* **Entries supplied**
=====

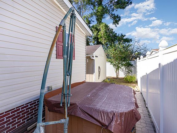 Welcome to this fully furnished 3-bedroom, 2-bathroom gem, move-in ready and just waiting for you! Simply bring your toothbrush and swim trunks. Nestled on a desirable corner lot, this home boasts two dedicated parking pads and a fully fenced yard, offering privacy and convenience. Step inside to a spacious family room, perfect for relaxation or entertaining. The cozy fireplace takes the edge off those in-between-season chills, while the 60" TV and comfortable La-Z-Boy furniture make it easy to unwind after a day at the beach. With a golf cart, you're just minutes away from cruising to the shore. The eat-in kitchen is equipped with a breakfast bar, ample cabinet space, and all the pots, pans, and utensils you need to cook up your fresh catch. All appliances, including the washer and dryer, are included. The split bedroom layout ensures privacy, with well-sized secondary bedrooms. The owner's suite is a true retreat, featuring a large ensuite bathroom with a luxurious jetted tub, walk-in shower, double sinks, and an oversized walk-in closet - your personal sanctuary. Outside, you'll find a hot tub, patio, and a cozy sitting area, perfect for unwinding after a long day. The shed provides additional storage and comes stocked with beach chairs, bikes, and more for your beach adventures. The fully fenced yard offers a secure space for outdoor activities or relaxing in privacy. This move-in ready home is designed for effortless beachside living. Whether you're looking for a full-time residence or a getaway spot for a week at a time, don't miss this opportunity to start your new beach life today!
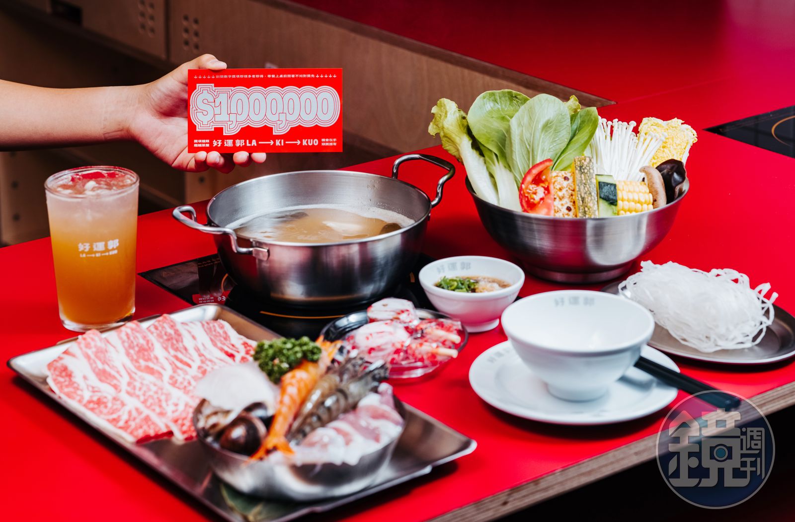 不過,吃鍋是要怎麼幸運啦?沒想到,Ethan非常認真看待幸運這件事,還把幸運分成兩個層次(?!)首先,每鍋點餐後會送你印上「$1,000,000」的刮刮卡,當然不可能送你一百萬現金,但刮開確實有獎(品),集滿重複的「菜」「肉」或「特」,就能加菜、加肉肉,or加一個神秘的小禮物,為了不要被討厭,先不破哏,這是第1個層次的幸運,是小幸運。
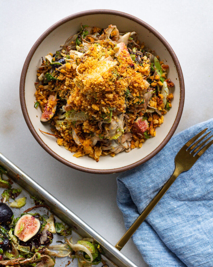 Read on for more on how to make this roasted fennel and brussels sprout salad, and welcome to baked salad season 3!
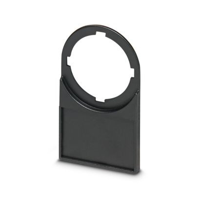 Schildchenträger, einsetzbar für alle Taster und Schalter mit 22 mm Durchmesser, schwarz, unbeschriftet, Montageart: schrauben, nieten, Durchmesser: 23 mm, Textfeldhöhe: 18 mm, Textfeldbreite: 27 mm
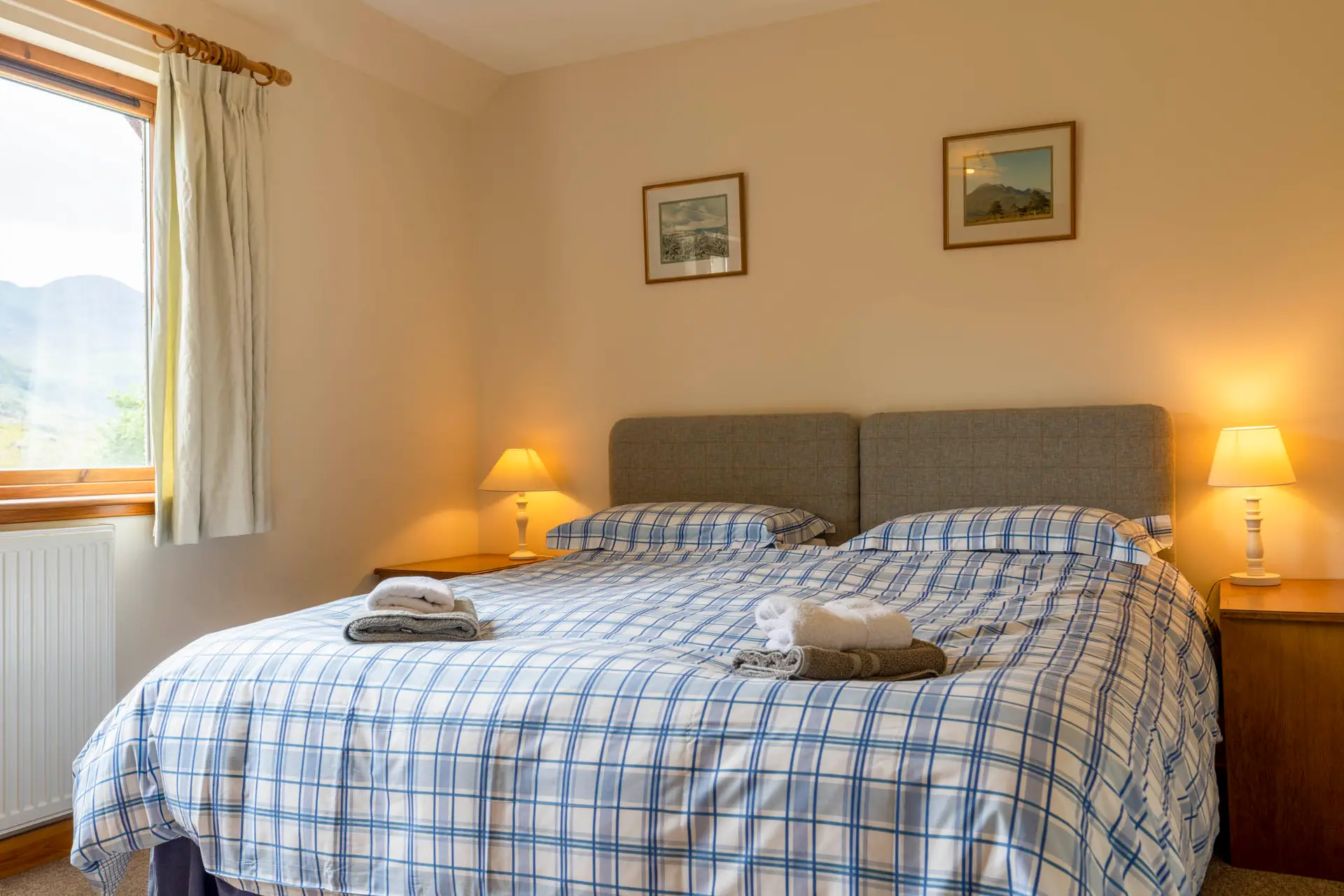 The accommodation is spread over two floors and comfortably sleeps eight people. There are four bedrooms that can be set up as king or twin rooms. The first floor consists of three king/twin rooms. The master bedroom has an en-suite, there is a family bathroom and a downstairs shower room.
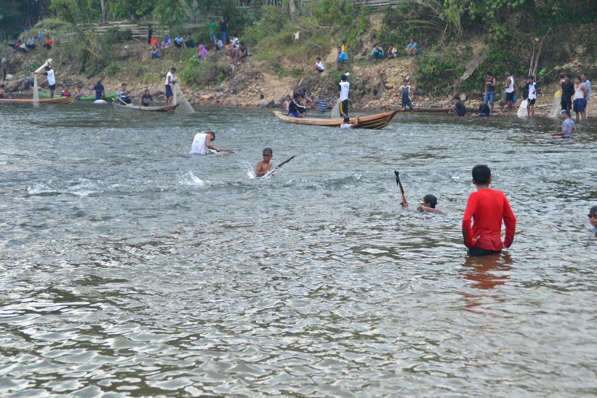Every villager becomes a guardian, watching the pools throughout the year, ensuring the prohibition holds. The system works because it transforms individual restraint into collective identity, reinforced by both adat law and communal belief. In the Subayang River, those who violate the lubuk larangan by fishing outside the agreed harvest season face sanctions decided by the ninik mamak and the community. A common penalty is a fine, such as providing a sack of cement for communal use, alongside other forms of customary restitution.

=====

* **Problem to solve**
With the pictures removed, the entries above should be transcribed exactly.

* **Finished exercise**
 Welcome to this fully furnished 3-bedroom, 2-bathroom gem, move-in ready and just waiting for you! Simply bring your toothbrush and swim trunks. Nestled on a desirable corner lot, this home boasts two dedicated parking pads and a fully fenced yard, offering privacy and convenience. Step inside to a spacious family room, perfect for relaxation or entertaining. The cozy fireplace takes the edge off those in-between-season chills, while the 60" TV and comfortable La-Z-Boy furniture make it easy to unwind after a day at the beach. With a golf cart, you're just minutes away from cruising to the shore. The eat-in kitchen is equipped with a breakfast bar, ample cabinet space, and all the pots, pans, and utensils you need to cook up your fresh catch. All appliances, including the washer and dryer, are included. The split bedroom layout ensures privacy, with well-sized secondary bedrooms. The owner's suite is a true retreat, featuring a large ensuite bathroom with a luxurious jetted tub, walk-in shower, double sinks, and an oversized walk-in closet - your personal sanctuary. Outside, you'll find a hot tub, patio, and a cozy sitting area, perfect for unwinding after a long day. The shed provides additional storage and comes stocked with beach chairs, bikes, and more for your beach adventures. The fully fenced yard offers a secure space for outdoor activities or relaxing in privacy. This move-in ready home is designed for effortless beachside living. Whether you're looking for a full-time residence or a getaway spot for a week at a time, don't miss this opportunity to start your new beach life today!
 不過,吃鍋是要怎麼幸運啦?沒想到,Ethan非常認真看待幸運這件事,還把幸運分成兩個層次(?!)首先,每鍋點餐後會送你印上「$1,000,000」的刮刮卡,當然不可能送你一百萬現金,但刮開確實有獎(品),集滿重複的「菜」「肉」或「特」,就能加菜、加肉肉,or加一個神秘的小禮物,為了不要被討厭,先不破哏,這是第1個層次的幸運,是小幸運。
 Read on for more on how to make this roasted fennel and brussels sprout salad, and welcome to baked salad season 3!
 Schildchenträger, einsetzbar für alle Taster und Schalter mit 22 mm Durchmesser, schwarz, unbeschriftet, Montageart: schrauben, nieten, Durchmesser: 23 mm, Textfeldhöhe: 18 mm, Textfeldbreite: 27 mm
 The accommodation is spread over two floors and comfortably sleeps eight people. There are four bedrooms that can be set up as king or twin rooms. The first floor consists of three king/twin rooms. The master bedroom has an en-suite, there is a family bathroom and a downstairs shower room.
Every villager becomes a guardian, watching the pools throughout the year, ensuring the prohibition holds. The system works because it transforms individual restraint into collective identity, reinforced by both adat law and communal belief. In the Subayang River, those who violate the lubuk larangan by fishing outside the agreed harvest season face sanctions decided by the ninik mamak and the community. A common penalty is a fine, such as providing a sack of cement for communal use, alongside other forms of customary restitution.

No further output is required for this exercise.